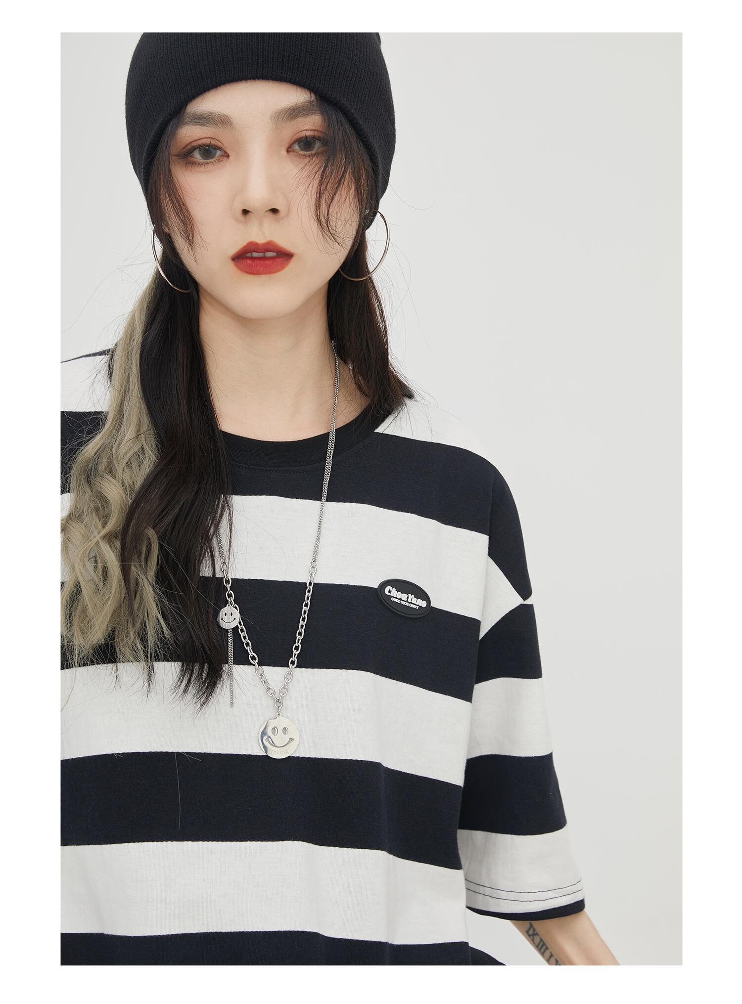 スタイルストライププリントレディーストップス スタンダードTシャツ レトロ MAKE_ITRAIN58521228668
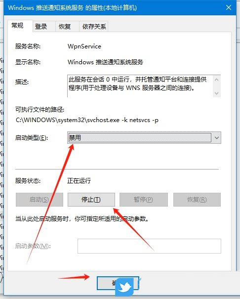 3、然后,在弹出的窗口中,将“启动类型”设置为“禁用”,并停止“服务状态”。
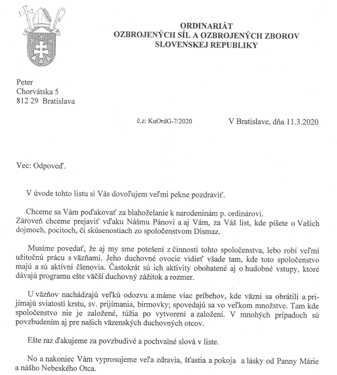Foto v ľavo: časť listu od Jožka z doživotných trestov v BB, v ktorom píše, že ďakuje za rúšku a že v nej vyzerá ako primár. Tak nás to rozosmialo, lebo je to pravda, a tak pekne jednoducho to napísal. Ešte jednu vec by som povedal, pred pár dňami som išiel cez vychádzkové dvorce a tiež člen spol. Dismas v Leopoldove , ktorý má doživotný trest, bol v tomto rúšku a ja som si uvedomil, že aj takto svedčí o divízii Dismas. Ešte ťa chcem požiadať prečítaj si celú knihu Sirachovu , ktorá sa nachádza vo svätom písme počas týchto sviatkov. Odpoveď na tvoju otázku, čo robiť: Dňa 29. marca 2020 boli všetci mnísi, z viac než 20 pravoslávnych kláštorov, ktoré sa nachádzajú na gréckom vrchu Athos (nazývanom tiež Svätá Hora) zjednotení v modlitbách počas 12 hodinovej vigílie (od súmraku do úsvitu). Počas vigílie sa Panna Mária zjavila jednému z mníchov a zanechala toto posolstvo pre všetkých kresťanov na pomoc, aby predišli zlu koronavírusu: Panna Mária povedala mníchovi: „Dajte Svätý Kríž na dvere vašich domovov. Ak nemáte Kríž, urobte si Kríž z dvoch kusov dreva alebo si vezmite svätený olej a na dvere s ním urobte znak kríža. Taktiež, dajte pomazanie na čelo všetkých členov rodiny sväteným olejom alebo olivovým olejom. (tento olej ti nemôžem poslať, ale v rohu listu, kde je spinka tam je nakvapkaný Nardový (Mk14,3-Jn12,3) a Charbelov olej). Ak máte svätenú vodu, pokropte ňou svoje cely/izby.
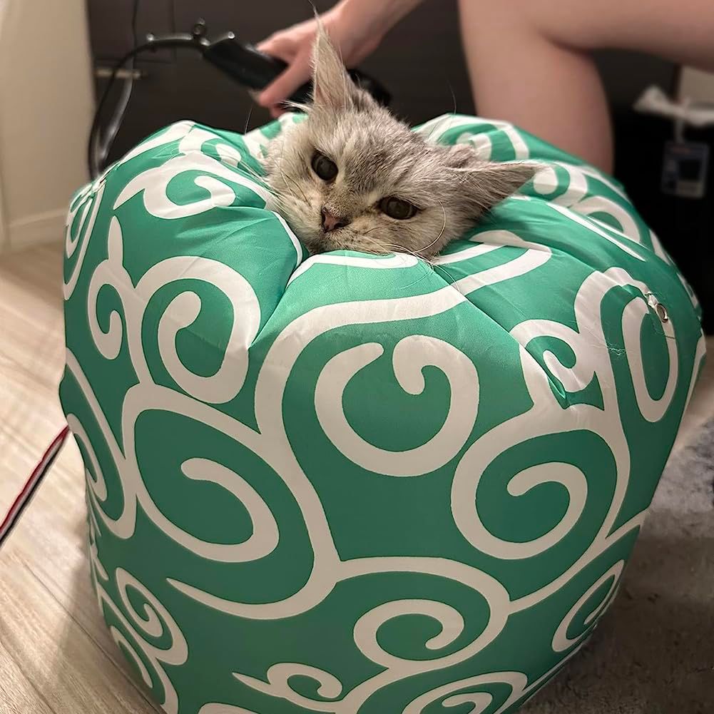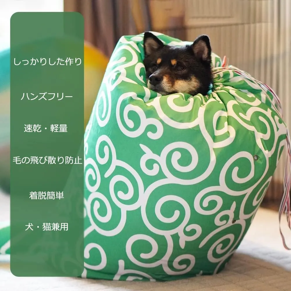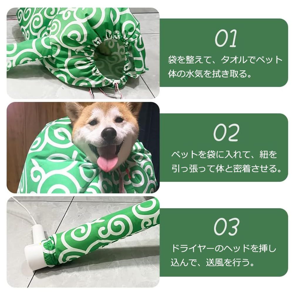 使用方法:①タオルでペット体の水気を拭き取る。②ペットを袋に入れて、紐を引っ張って体と密着させる。③ドライヤーのヘッドを挿し込む。④ドライヤーで送風を行う。ご注意:最初は熱風を送り、袋中の温度が暖かくなった後、冷風に調節してください。使用中はペットのそばに離れないでください。
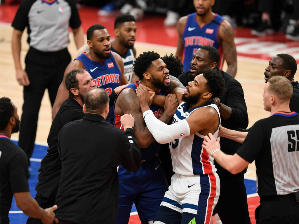 引言:球场上的火药味如何演变成全武行 篮球赛场本是竞技与激情的舞台,但当情绪失控,比赛往往会偏离轨道。近日,森林狼与活塞的比赛中,一场激烈的肢体冲突震惊了球迷,双方球员上演“全武行”,甚至出现了掐脖和扭打的场面,最终导致7名球员被驱逐出场。这不仅是一场比赛的插曲,更是对职业体育精神的一次拷问。究竟是什么让这场比赛如此剑拔弩张?让我们一探究竟。
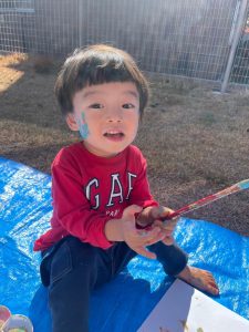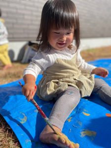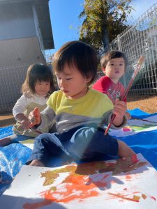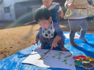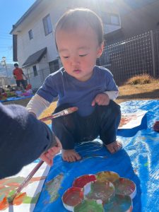 温かい日だったので園庭で絵の具遊びをしましたよ🎨
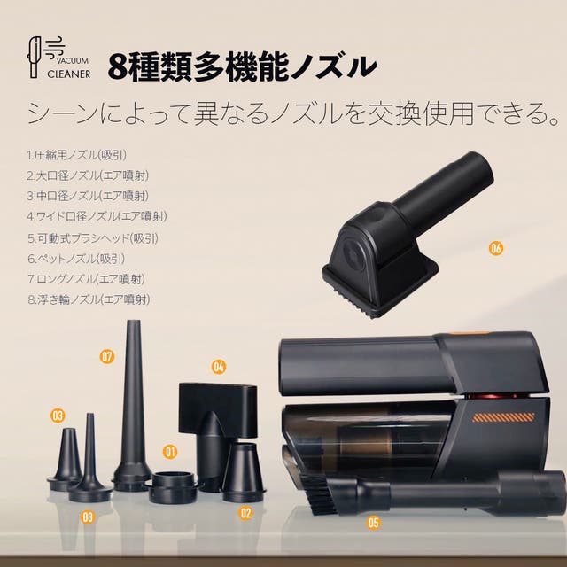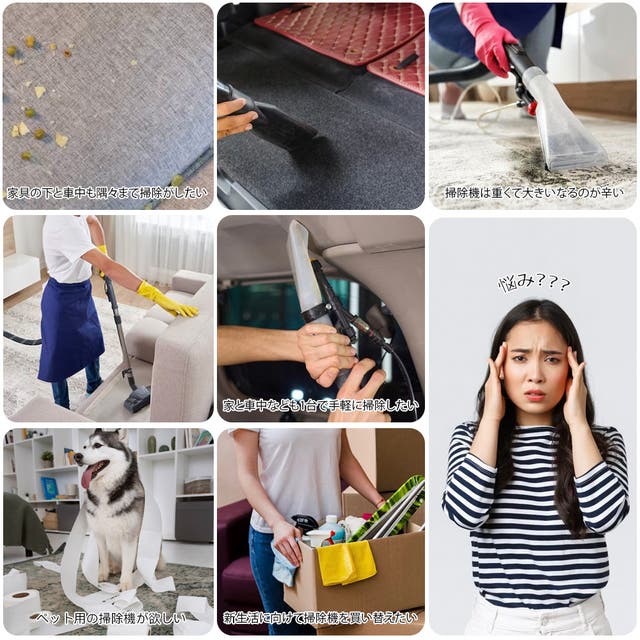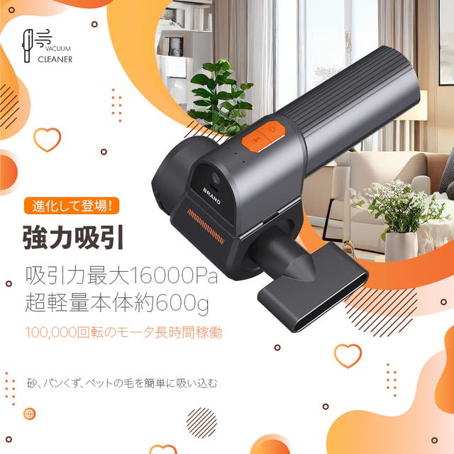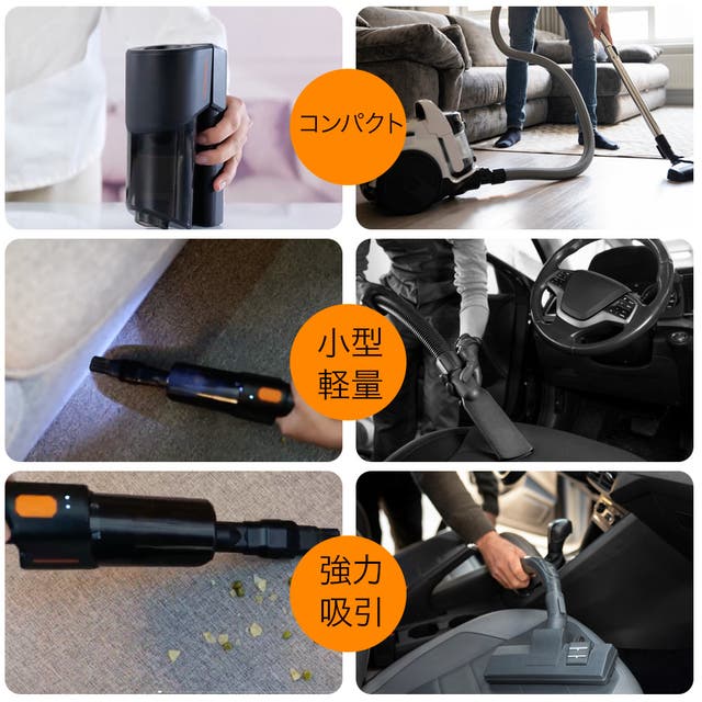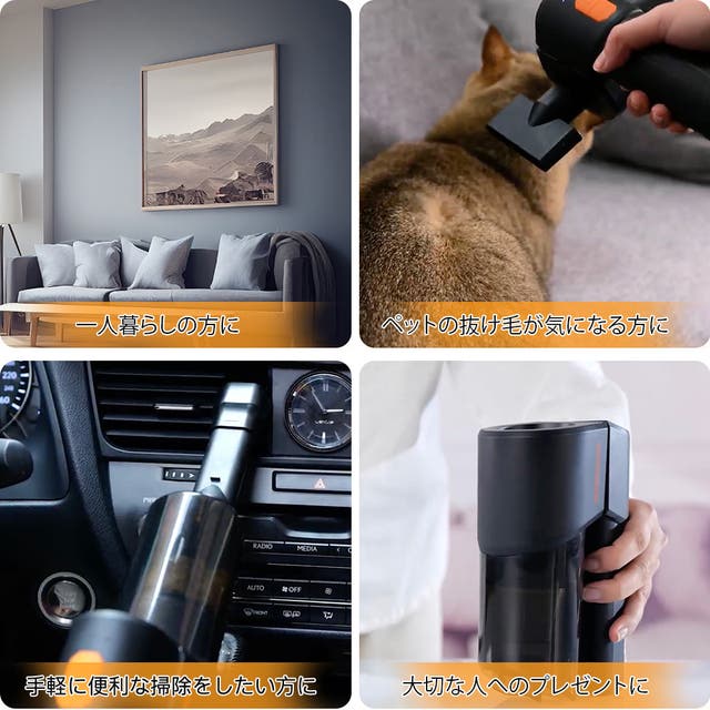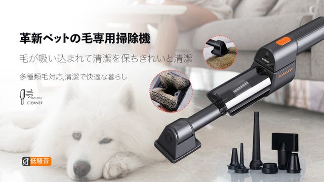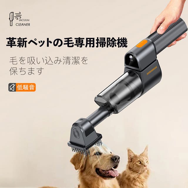 - ハンディ掃除機革新!ペットの専用ノズル付き!低騒音、毛が吸い込まれて清潔を保つ。

> [Task directions]:
A word-for-word retyping of the material above is expected, without pictures.

> [Response area]:
 スタイルストライププリントレディーストップス スタンダードTシャツ レトロ MAKE_ITRAIN58521228668
 3、然后,在弹出的窗口中,将“启动类型”设置为“禁用”,并停止“服务状态”。
Foto v ľavo: časť listu od Jožka z doživotných trestov v BB, v ktorom píše, že ďakuje za rúšku a že v nej vyzerá ako primár. Tak nás to rozosmialo, lebo je to pravda, a tak pekne jednoducho to napísal. Ešte jednu vec by som povedal, pred pár dňami som išiel cez vychádzkové dvorce a tiež člen spol. Dismas v Leopoldove , ktorý má doživotný trest, bol v tomto rúšku a ja som si uvedomil, že aj takto svedčí o divízii Dismas. Ešte ťa chcem požiadať prečítaj si celú knihu Sirachovu , ktorá sa nachádza vo svätom písme počas týchto sviatkov. Odpoveď na tvoju otázku, čo robiť: Dňa 29. marca 2020 boli všetci mnísi, z viac než 20 pravoslávnych kláštorov, ktoré sa nachádzajú na gréckom vrchu Athos (nazývanom tiež Svätá Hora) zjednotení v modlitbách počas 12 hodinovej vigílie (od súmraku do úsvitu). Počas vigílie sa Panna Mária zjavila jednému z mníchov a zanechala toto posolstvo pre všetkých kresťanov na pomoc, aby predišli zlu koronavírusu: Panna Mária povedala mníchovi: „Dajte Svätý Kríž na dvere vašich domovov. Ak nemáte Kríž, urobte si Kríž z dvoch kusov dreva alebo si vezmite svätený olej a na dvere s ním urobte znak kríža. Taktiež, dajte pomazanie na čelo všetkých členov rodiny sväteným olejom alebo olivovým olejom. (tento olej ti nemôžem poslať, ale v rohu listu, kde je spinka tam je nakvapkaný Nardový (Mk14,3-Jn12,3) a Charbelov olej). Ak máte svätenú vodu, pokropte ňou svoje cely/izby.
 使用方法:①タオルでペット体の水気を拭き取る。②ペットを袋に入れて、紐を引っ張って体と密着させる。③ドライヤーのヘッドを挿し込む。④ドライヤーで送風を行う。ご注意:最初は熱風を送り、袋中の温度が暖かくなった後、冷風に調節してください。使用中はペットのそばに離れないでください。
 引言:球场上的火药味如何演变成全武行 篮球赛场本是竞技与激情的舞台,但当情绪失控,比赛往往会偏离轨道。近日,森林狼与活塞的比赛中,一场激烈的肢体冲突震惊了球迷,双方球员上演“全武行”,甚至出现了掐脖和扭打的场面,最终导致7名球员被驱逐出场。这不仅是一场比赛的插曲,更是对职业体育精神的一次拷问。究竟是什么让这场比赛如此剑拔弩张?让我们一探究竟。
 温かい日だったので園庭で絵の具遊びをしましたよ🎨
 - ハンディ掃除機革新!ペットの専用ノズル付き!低騒音、毛が吸い込まれて清潔を保つ。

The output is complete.